The rise of text-to-image AI is good news for small businesses, all those who could not afford a designer and made their designs in Canva from royalty-free images sourced from Unsplash. To all those industries and professionals who need a raw visualisation, like interior designers, landscape architects, TV producers, DALL·E 2 & co will provide mock-ups good enough for brainstorming and ideation.
But that’s just the beginning. We are in the moment of history when the snowball effect of technology is getting more and more visible, and happens much faster:
It might sound scary for now, but so was the automobile in 1910, when Farmers’ Anti-Automobile Society of Pennsylvania lobbied for changes in the state law:
Source: Bottlenecks: Aligning UX Design with User Psychology, David C. Evans.
1. Automobiles traveling on country roads at night must send up a rocket every mile, then wait ten minutes for the road to clear.
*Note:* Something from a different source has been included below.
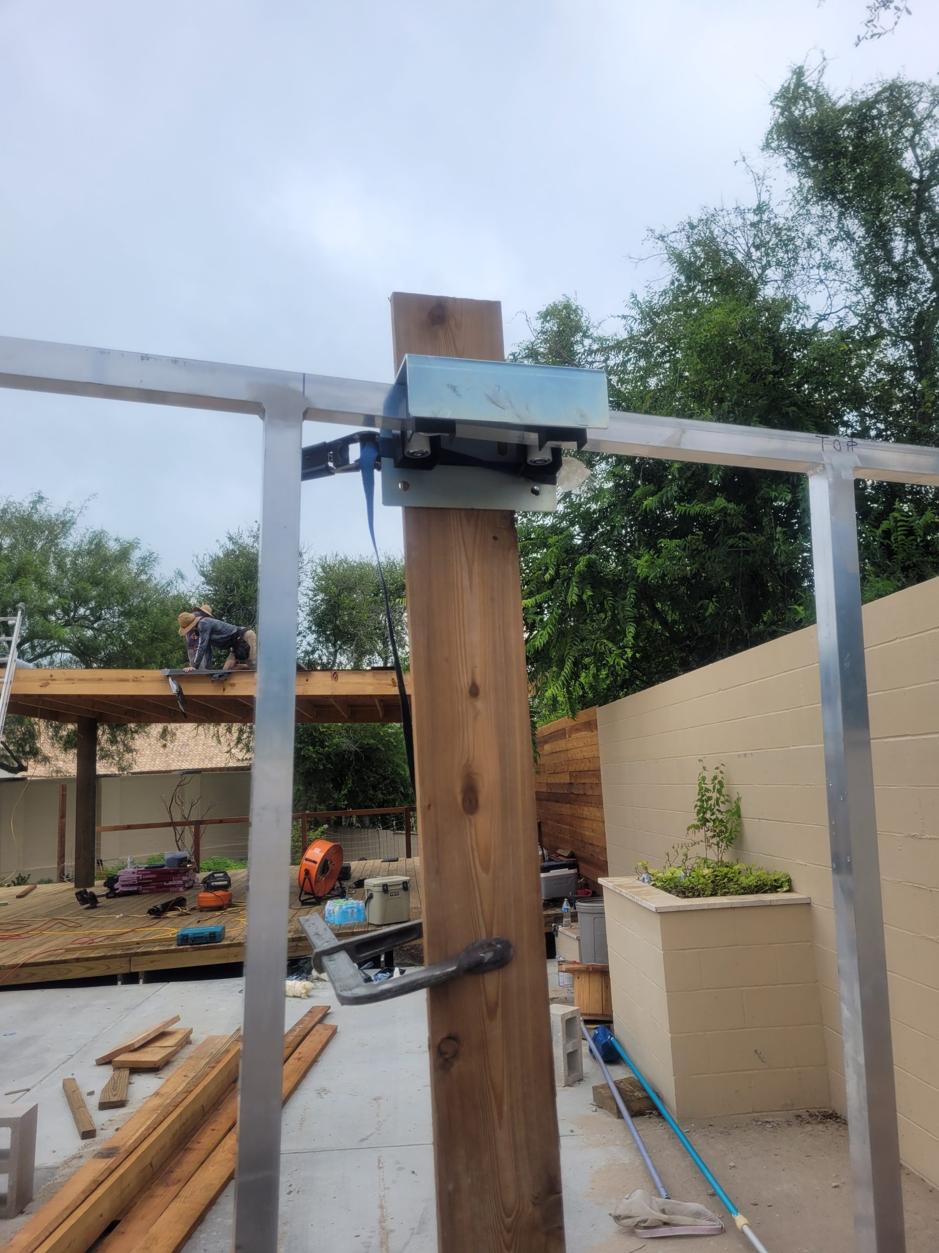 The CGA-350.5M cantilever gate for a patio enclosure combines functionality and modern design with safety in mind. Featuring horizontal wooden slats mounted on a sturdy metal frame, the gate glides smoothly on covered wheels, preventing pinch points while ensuring easy operation. Completely cantilevered off the ground, it avoids the need for a bottom track, making it low-maintenance and ideal for uneven surfaces. This design offers a clean, contemporary look while providing secure and reliable access to the outdoor space. From WRS Welding & Fabrication, Corpus Christi, TX “This is the gate I built and installed using your products. Everything was perfect, and great quality. I've already ordered parts for another gate from ya’ll!”

The driver may then proceed, with caution, blowing his horn and shooting off Roman candles, as before.
2. If the driver of an automobile sees a team of horses approaching, he is to stop, pulling over to one side of the road, and cover his machine with a blanket or dust cover which is painted or colored to blend into the scenery, and thus render the machine less noticeable.
3. In case a horse is unwilling to pass an automobile on the road, the driver of the car must take the machine apart as rapidly as possible and conceal the parts in the bushes
Just like we don’t keep Roman candles in our cars, in 5, 10, 50 years from now we won’t be scared of creative AI - it will be interwoven in our daily lives and will redefine how we think about creativity and work.
New chapters, like this, might be full of new possibilities, if we stay curious enough, antifragile and open to what’s new. This is how we grow, even if it may feel unnatural or artificial (pun intended) at first:
Are you ready for dallying with Dalle now?